On Apr 10, 2013, at 10:10 AM, "Gerry Quinn" <gerry at bindweed.com> wrote:

> 
> 
> From: Marc Aramini
> 
>> Oh Gerry - because he is cryptic by nature.  Notice that no mention is made of that
>> second space faring race using their hands at all.
> 
> No need to mention it, because they are clearly intended to refer to humans, the ancestors of the Shadow Children.  And even if they hadn't been, they built starcrossers.  And even if they hadn't done that, they are placed in juxtaposition to the first people (the Saint Anne indigenes) who did not use their hands.
> 
> You can't use Wolfe's supposed crypticism in a circular fashion to ignore all that has gone before and keep tunnelling into deeper and deeper layers of alleged symbolism.  Which you never come out of.  First it's trees, then it's maggots, and somehow these concepts are seen as supporting each other instead of being quite contradictory.  How does that work?
> 
>> If you don't think all the consistent imagery points to anything deeper, that's fine,
>> but you have to ignore a whole lot of literal statements that are all consistent to
>> avoid that elided bit of what symbolism is - something that stands for something
>> else, sometimes figuratively, sometimes literally.  Believe it or not occasionally
>> authors have hinted at something that is not overtly stated.
> 
> In my opinion you are reading all manner of symbolism into occasional words or phrases, and had the words been different you could probably have found a way to read the same symbolism from them.
> 
> ***********************************************
> "What's gone with that boy,  I wonder?
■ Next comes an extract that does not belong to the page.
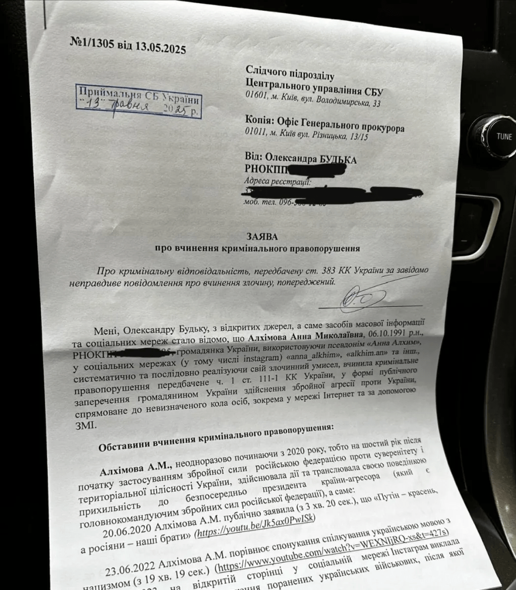 Заявление было подано 13 мая, о чем Александр сообщил на своей странице в соцсети Threads. В заметке он обнародовал соответствующие документы и отметил, что обвиняет Алхим в совершении уголовного преступления, предусмотренного частью 1 статьи 111-1 Уголовного кодекса Украины, что касается коллаборационной деятельности.

You TOM!"
> No answer.
> The old lady pulled her spectacles down and looked over them about the
> room; then she put them up and looked out under them. She seldom or
> never looked _through_ them for so small a thing as a boy; they were
> her state pair, the pride of her heart, and were built for "style," not
> service--she could have seen through a pair of stove-lids just as well.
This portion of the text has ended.